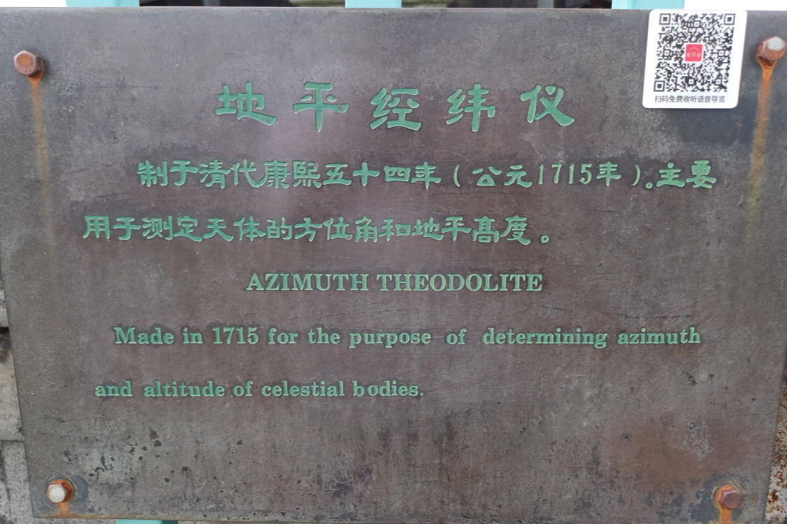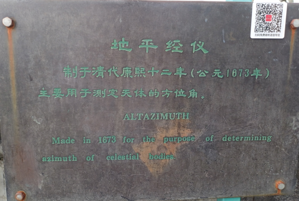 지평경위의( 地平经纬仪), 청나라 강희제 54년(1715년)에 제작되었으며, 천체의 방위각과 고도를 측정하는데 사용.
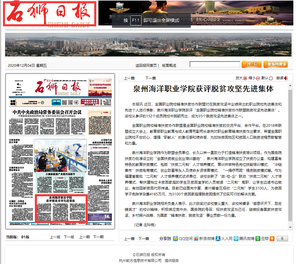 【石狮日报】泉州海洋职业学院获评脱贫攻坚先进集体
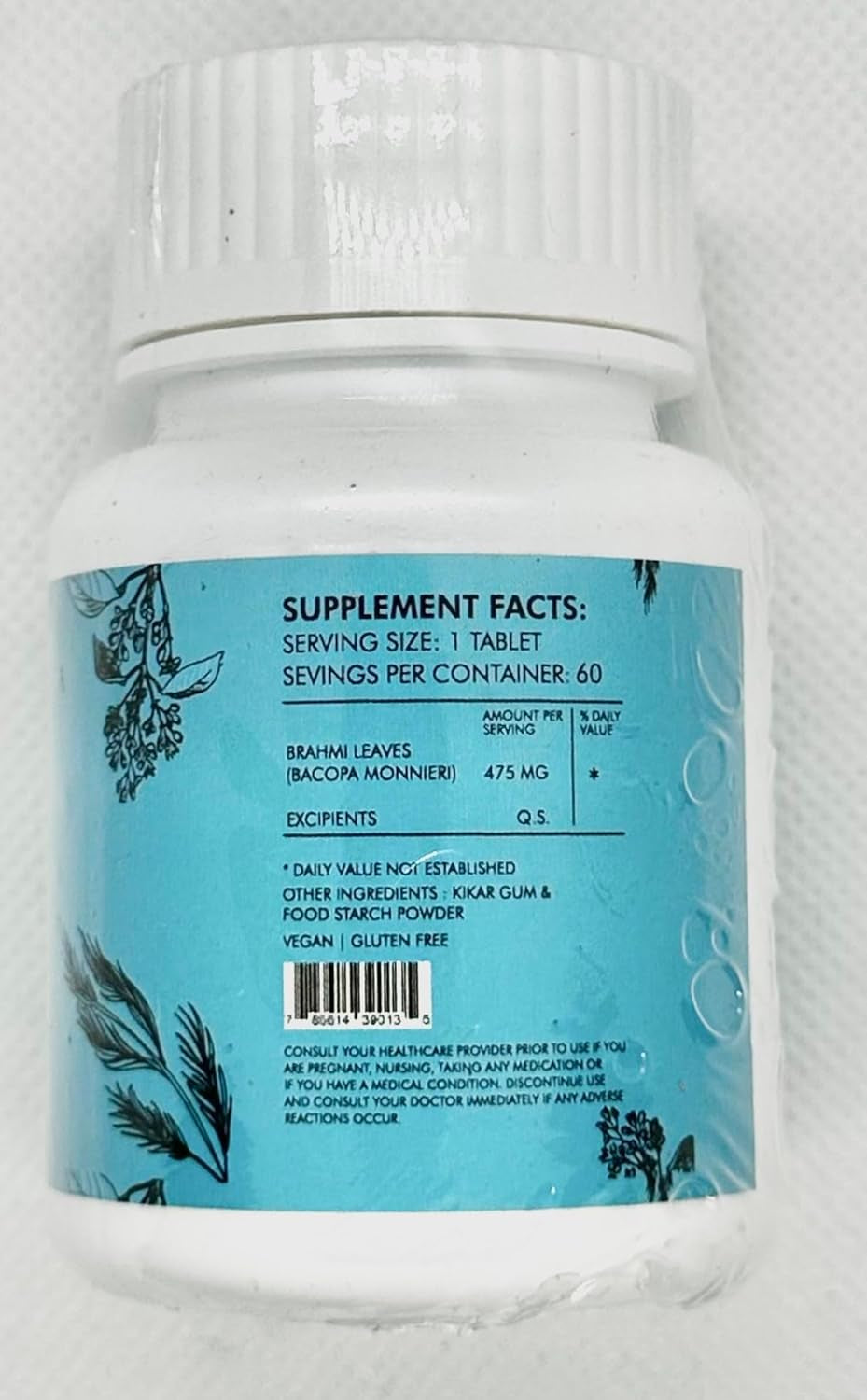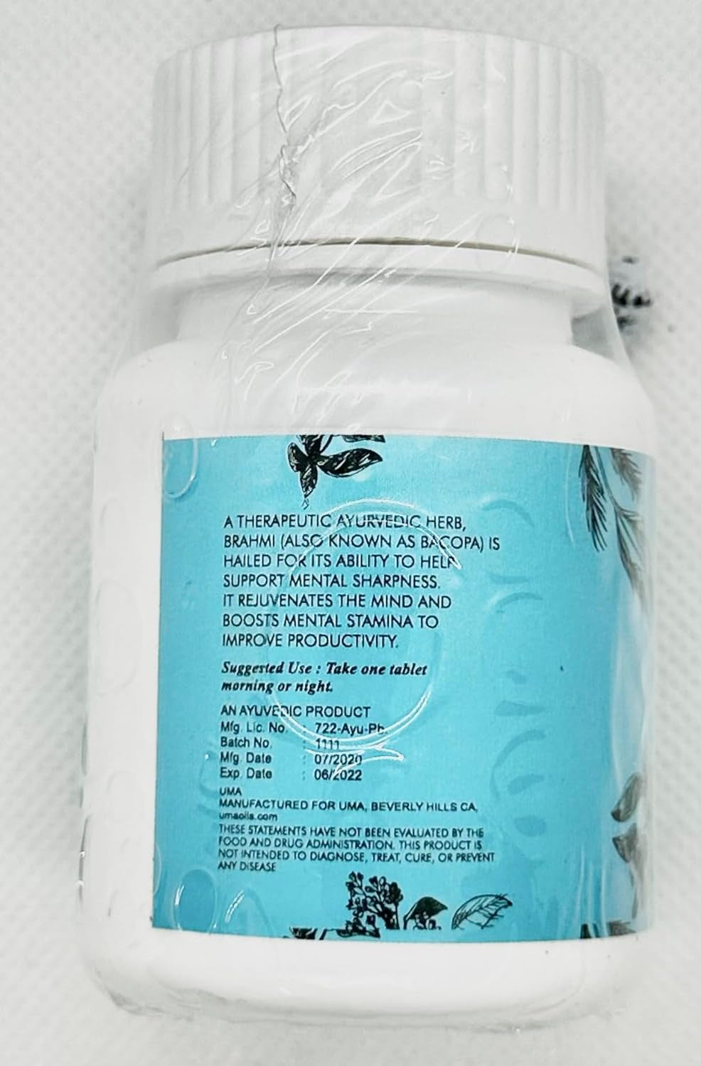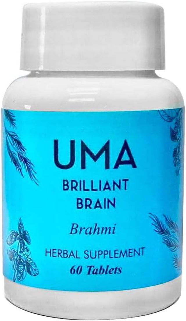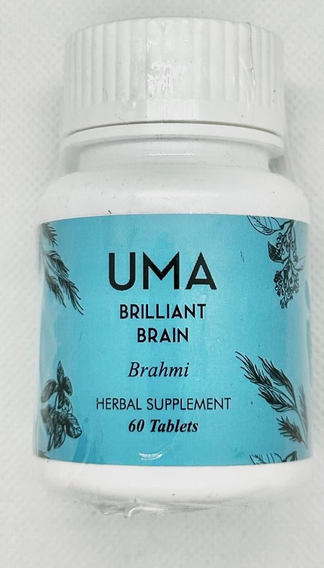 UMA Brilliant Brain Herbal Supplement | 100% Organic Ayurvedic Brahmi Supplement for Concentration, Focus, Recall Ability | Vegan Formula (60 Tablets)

→ Exercise goal
Pictures stay out; everything else in the listing above is to be repeated exactly.

→ Output of the task
 지평경위의( 地平经纬仪), 청나라 강희제 54년(1715년)에 제작되었으며, 천체의 방위각과 고도를 측정하는데 사용.
 【石狮日报】泉州海洋职业学院获评脱贫攻坚先进集体
 UMA Brilliant Brain Herbal Supplement | 100% Organic Ayurvedic Brahmi Supplement for Concentration, Focus, Recall Ability | Vegan Formula (60 Tablets)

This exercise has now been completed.